It's hard to know where to begin.
I started to look more deeply into the question of conversion therapy when I was invited to give a statement to your colleagues at the Standing Committee on Health who were undertaking a historic study on LGBTQ2 health last spring. I said to the committee at that time that despite decades of really wonderful legal and social progress in Canada to support the rights of LGBTQ2 Canadians, there remain some fairly large blind spots, and this is one.
It's a large blind spot, not only because it directly affects one in 10 LGBTQ2 Canadians, but also affects all of us in that it is a threat to our livelihood and our well-being. It is a threat to the question of whether our identities are accepted, acknowledged and appreciated within Canada. Previous legislation protecting our rights is about things that we should be protected from that could be harmful to us, but also questions like, should we be able to marry, and should we be able to be free from discrimination? The difference in this legislation is that it's about the core of our beings and whether our identities are compatible with Canadian values. The message that we want to send is that, yes, they are.
To answer the second part of your question on where this leads to harm, yes, we have seen from my previous research and the research of many of my colleagues in Canada and beyond that unfortunately LGBTQ2 Canadians continue to experience dramatically higher rates of suicide, depression, anxiety and substance abuse, and from other Canadian research we know that this is almost entirely attributable to something that is known as “minority stress”.

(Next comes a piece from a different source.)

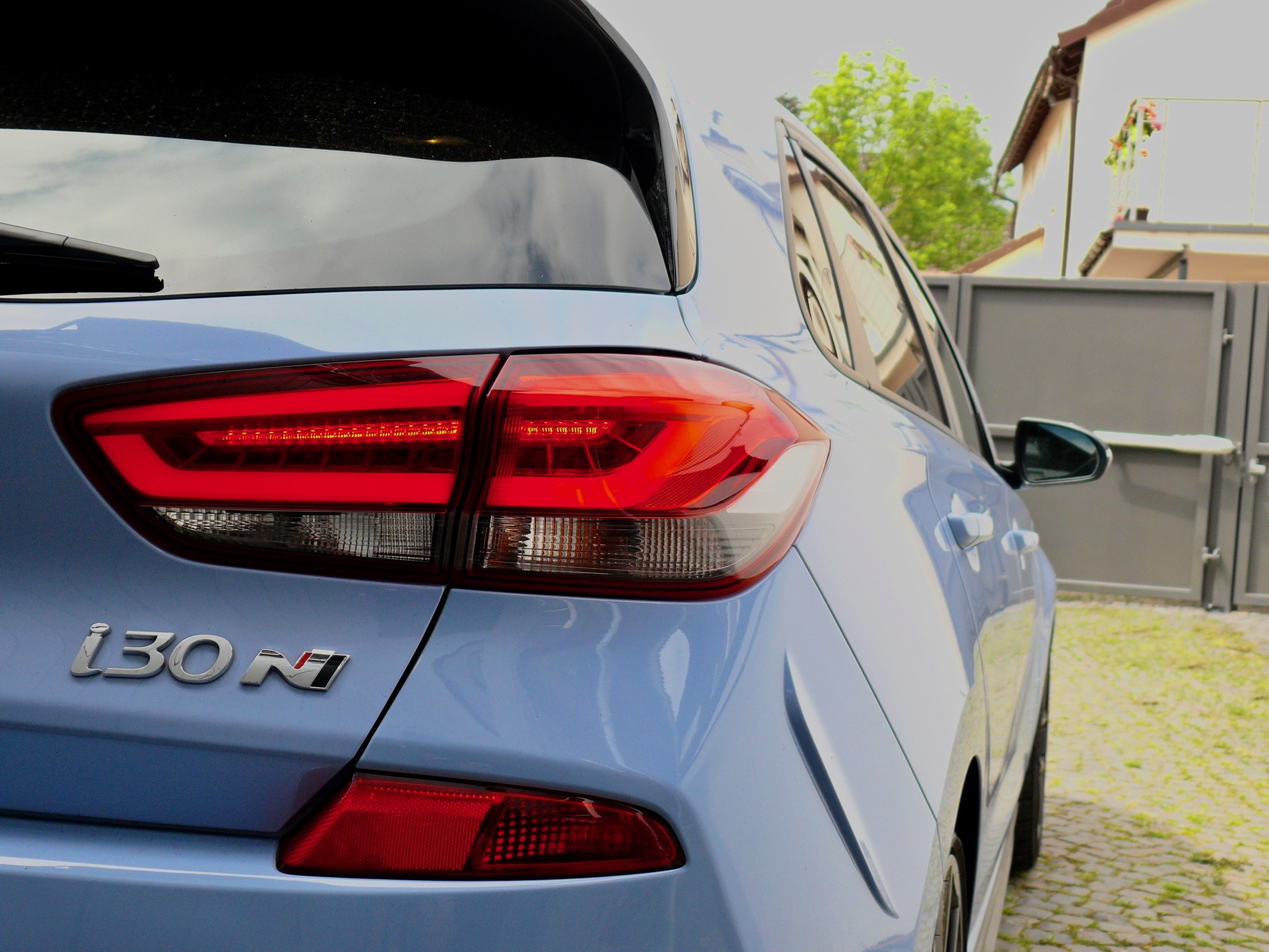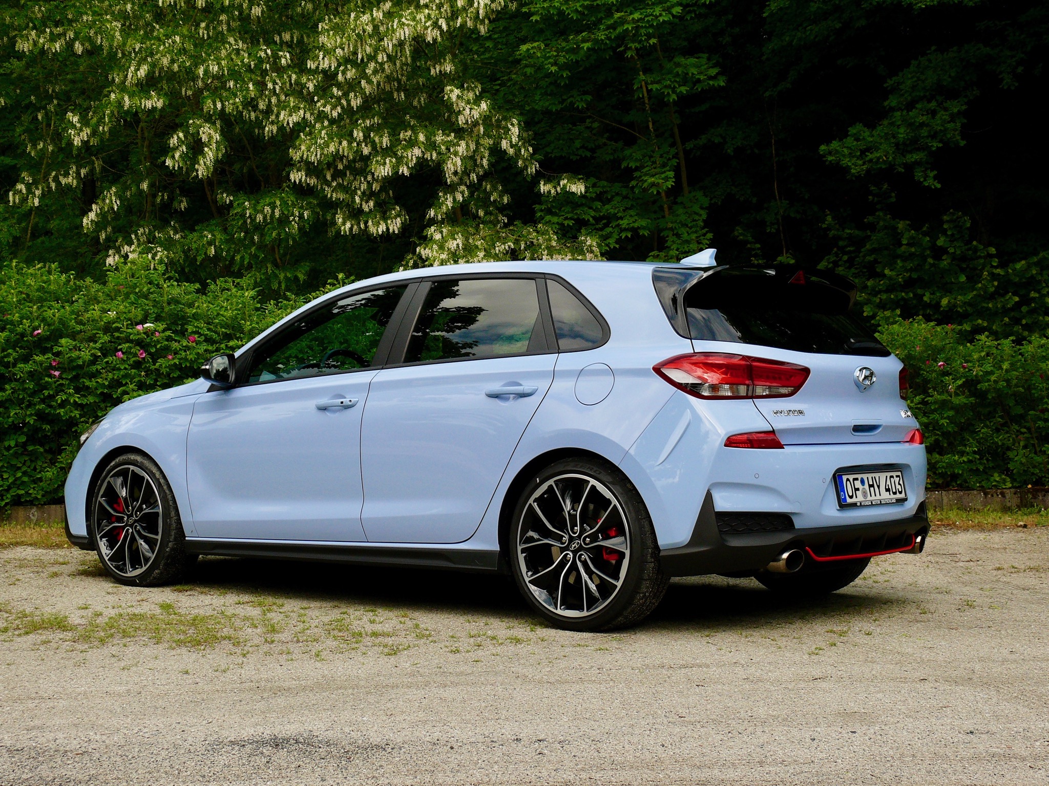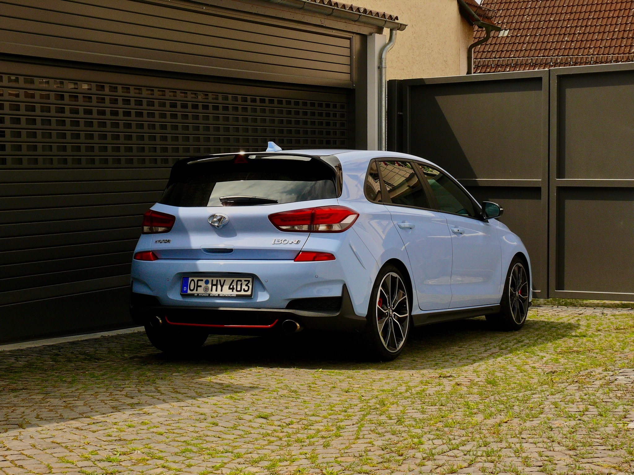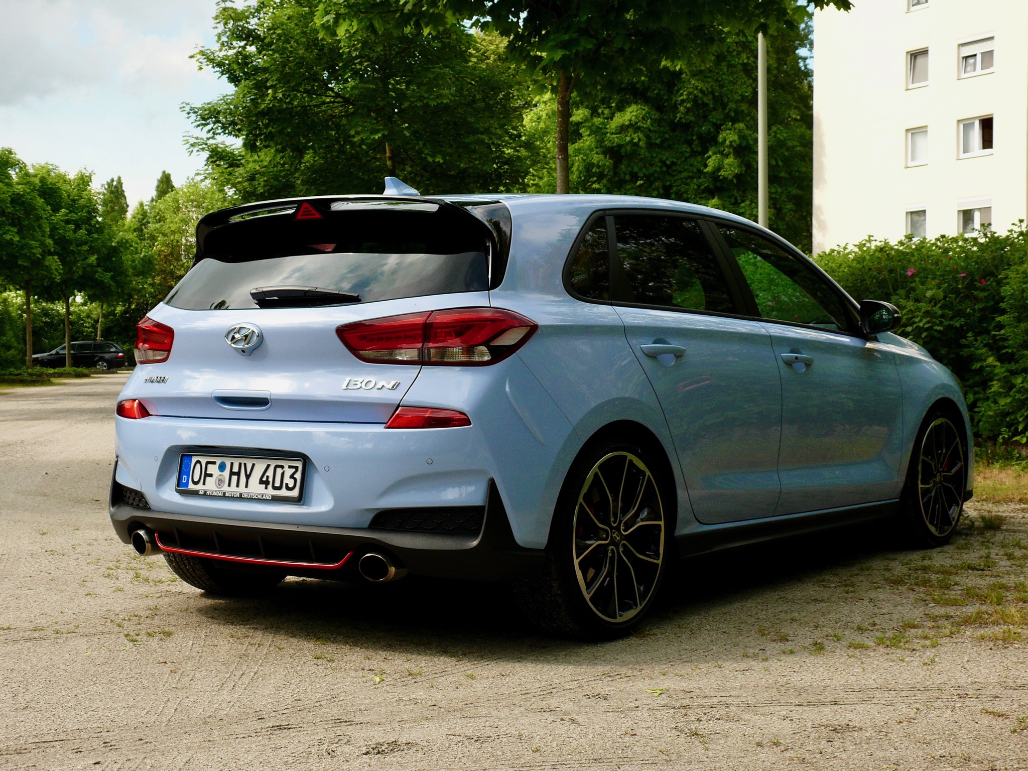 {1}Denn der Zweiliter mit dickem Turbo entfaltet seine Leistung zwar nicht erst nach dem üblichen Druckaufbauprozedere, sondern durchaus sehr linear. Was jedoch dazu führt, dass Du unweigerlich viel schneller bist, als es Dein Gefühl suggeriert. Nutzt Du den Schaltblitz bis zum letzten Aufblinken, stürmt der i30 N in gut sechs Sekunden auf 100 Km/h, doch es ist nicht die Längsdynamik, die am meisten Spaß macht. Es sind die Kurven. Denn den Pirelli-Sportreifen und des mechanischen Sperrdifferentials an der Vorderachse sei Dank gestalten sich Kurvenfahrten in der Regel so, dass man auf dem Fahrersitz gedanklich bremst, stattdessen aber lieber das Pedal ganz rechts benutzt. Ist man schnell genug damit, dreht der i30 schön in die Kurve ein, wandelt das anfänglich vorhandene Untersteuern in eine Neutralposition und schießt mit einem Geschwindigkeitsüberschuss aus der schnellen Rechts heraus, als besäße er einen standesgemäßen Allradantrieb. Das funktioniert mehr als wunderbar, solange der Asphalt trocken ist. Was uns für 14 Tage des Tests vergönnt blieb und wir somit über das Fahrverhalten bei Nässe jedenfalls nichts gegenteiliges aussprechen können.

Minority stress includes conversion therapy, which is the sharpest edge of it—conversion therapy being someone trying to push you away from that identity—but it also includes more insidious things that wouldn't fall into this legislation but that would be clearly signalled as incompatible with Canadian values, things like being called names, being dismissed from work or social environments and social groups, generally being given a message that somehow you're less valuable or less worthy. I think the real opportunity here with this legislation is to resolve that question very clearly and send a very clear message to all Canadians who are trans, two spirit and LGBQ that you are wanted, you're included and you don't need to fear the threat of these practices.